Two deviations were prominent. Cambisol_B had a higher number of reads assigned to Chloroflexota presence with custom.Kraken compared to maxikraken results. Despite similar levels of Actinomycetota and Pseudomonadota, we detected increased proportions of Acidobacteriota and Ascomycota across all samples. Our reanalysis, utilizing the custom.Kraken also enabled the identification of several phyla – Gemmatimonadetes, Candidatus Calescamantes and Nitrospirota – which notably emerged among the top phyla in our study, but were not identified as prominent phyla in the original study (Fig. 6).

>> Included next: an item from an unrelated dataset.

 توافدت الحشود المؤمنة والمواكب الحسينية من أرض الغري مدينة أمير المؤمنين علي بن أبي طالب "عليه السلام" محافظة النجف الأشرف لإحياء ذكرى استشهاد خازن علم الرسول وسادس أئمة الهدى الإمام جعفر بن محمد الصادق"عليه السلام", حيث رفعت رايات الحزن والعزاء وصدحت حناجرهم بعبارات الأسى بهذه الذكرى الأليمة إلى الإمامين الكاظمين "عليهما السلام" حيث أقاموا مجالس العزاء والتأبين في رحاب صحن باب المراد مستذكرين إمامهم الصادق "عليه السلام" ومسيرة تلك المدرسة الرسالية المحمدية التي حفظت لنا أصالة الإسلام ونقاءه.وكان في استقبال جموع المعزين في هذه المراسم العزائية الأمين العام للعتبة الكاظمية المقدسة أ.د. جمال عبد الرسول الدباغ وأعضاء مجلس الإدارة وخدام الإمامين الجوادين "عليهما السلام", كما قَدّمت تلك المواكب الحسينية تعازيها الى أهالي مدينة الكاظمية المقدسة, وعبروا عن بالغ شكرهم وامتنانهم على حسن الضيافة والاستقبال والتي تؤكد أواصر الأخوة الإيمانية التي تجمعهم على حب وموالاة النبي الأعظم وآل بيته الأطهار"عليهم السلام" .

Figure 6. Comparative microbial composition across three sampling sites and soil horizons at the phylum Level. (a) Bar plot representing the taxonomic profile of the shotgun dataset using custom.Kraken. (b) Bar plot illustrating the taxonomic profile of the shotgun dataset as derived from the original study. Both plots showcase the top 14 phyla with distinct colours, while the remaining phyla are collectively grouped as “Remainder”. Consistent colour schemes are used across both plots for the same phyla. The x-axis delineates the three sampling sites (Podsol, Cambisol, and Stagnosol) and is further segmented into the three soil horizons (O, A, and B) for each site.

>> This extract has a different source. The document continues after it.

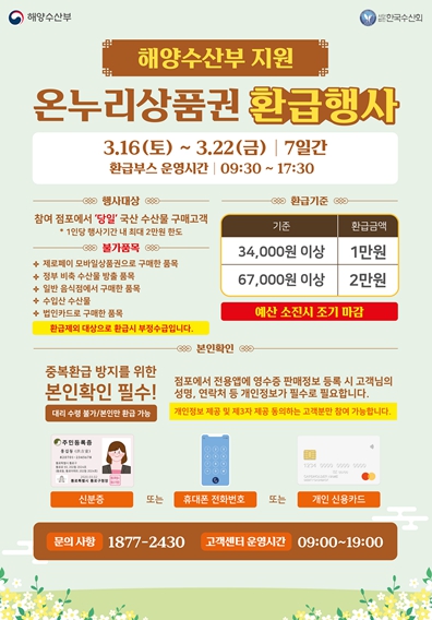 이번 행사는 경상북도 내 162개 인정(등록)시장 중 6개 시장(경산공설시장 포함)이 선정된 결과로 경산공설시장 및 중앙상점가 내 19개 대상 점포에서 국내산 수산물을 구매하면 구매자에게 최대 2만원의 온누리상품권을 지급하는 것이다. 34,000원 이상 67,000원 미만 구매 시 1만원, 67,000원 이상 구매 시 2만원을 온누리상품권(지류형)으로 환급받는 행사로 당일 구매 영수증을 경산공설시장 어물지구 1층(상인회사무실 옆) 환급처에 제시하면 된다. 또한 4월(4.13.~4.19.)은 하양꿈바우시장, 5월(5.4.~5.8.)은 경산공설시장에서 온누리상품권 환급행사가 예정돼 있다.

The beta diversity of microbial communities across seven soil samples reaffirmed our in-silico observations. On examining species-level distinctions, the NMDS plot revealed that the Kaiju and custom.Kraken tools tended to cluster together, potentially due to the shared utilization of Metagenome Assembled Genomes (MAGs) in their respective databases, as depicted in (Supplementary Fig. 7.(a)). Additionally, PERMANOVA (adonis2) analysis indicated that both the sample site (R2 = 12.3%, p < 0.01) and the taxonomic tool used (R2 = 85.09%, p < 0.001) influenced diversity at the species level. Additional PERMANOVA (adonis2) analysis was conducted to determine whether this was also observed at the genus level. Consistent with the species-level findings, the results affirmed the significant impact of both the sample site and the taxonomic tool on genus-level diversity, explaining 18.46% (p = 0.001) and 77.5% (p = 0.01) of the variance, respectively, as illustrated in (Supplementary Fig. 7. (b)). Clearly, classifiers have a stronger influence on microbial profiles than the inherent soil composition, once again emphasizing the importance of benchmarking.